Chegou a hora do bis, e eu já começava a lamentar a ausência no set list de duas das minhas faixas favoritas – “The Payback” e “Say It Loud (I´m Black and I´m Proud)” – quando a banda lançou as primeiras notas de uma balada que eu até então havia escutado uma ou duas vezes sem prestar muita atenção: “It´s a Man’s Man’s Man’s World”. Aquela era a saideira e durou mais de dez minutos. Lembro de ficar chapado com o riff trastejante da guitarra, que criava o clima dramático da canção.

A letra dizia que o mundo é dos homens, mas que ele não valeria nada se nele não houvesse uma mulher ou uma garota. Emocionado e cantando muito, Brown emendou um discurso improvisado em que lamentava: “O homem fez a luz elétrica para nos tirar do escuro, mas também joga aviões sobre edifícios e fez a guerra no Iraque”. A casa veio abaixo e pela primeira vez na vida chorei em um show. As lágrimas não eram para Osama, e muito menos para George Bush, mas para aquele bandleader cabeçudo criado nos guetos da Georgia que eu nunca mais veria em ação novamente.

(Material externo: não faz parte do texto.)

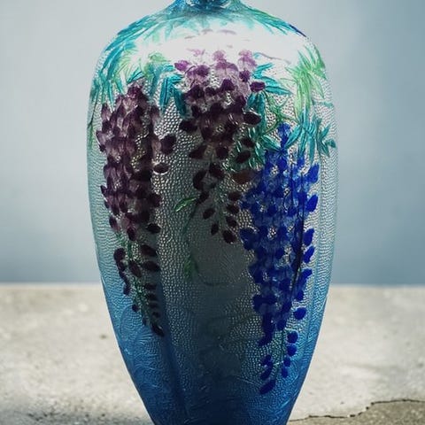 Vase - Emalje, Sølv, En cloisonné-vasje med en turkis bund dekoreret med blom...

James Brown me fez querer ter nascido negro. Ele me fez lembrar de Pelé, Adílio, Michael Jordan, Mike Tyson, Muhammad Ali, Fela Kuti, Bob Marley, Jorge Ben, Mussum e tantos outros gênios negros que são referências em minha vida. Mas o tom de despedida daquele último número foi demais pra mim, sem frescura. Chorei mesmo, de satisfação, e choraria de novo.

Na saída, reencontrei minha mãe, mas não consegui emitir sequer um comentário. Eu estava mudo e assim permaneci pelos quinze minutos seguintes. Entrei no carro ainda atordoado e fiquei contando as luzes do Freeway no caminho de casa. Eu nem sabia, mas aquele show, carregado de sentimento, energia e estilo foi um dos últimos da vida de James Brown. Ele morreria três meses depois, vítima de uma pneumonia.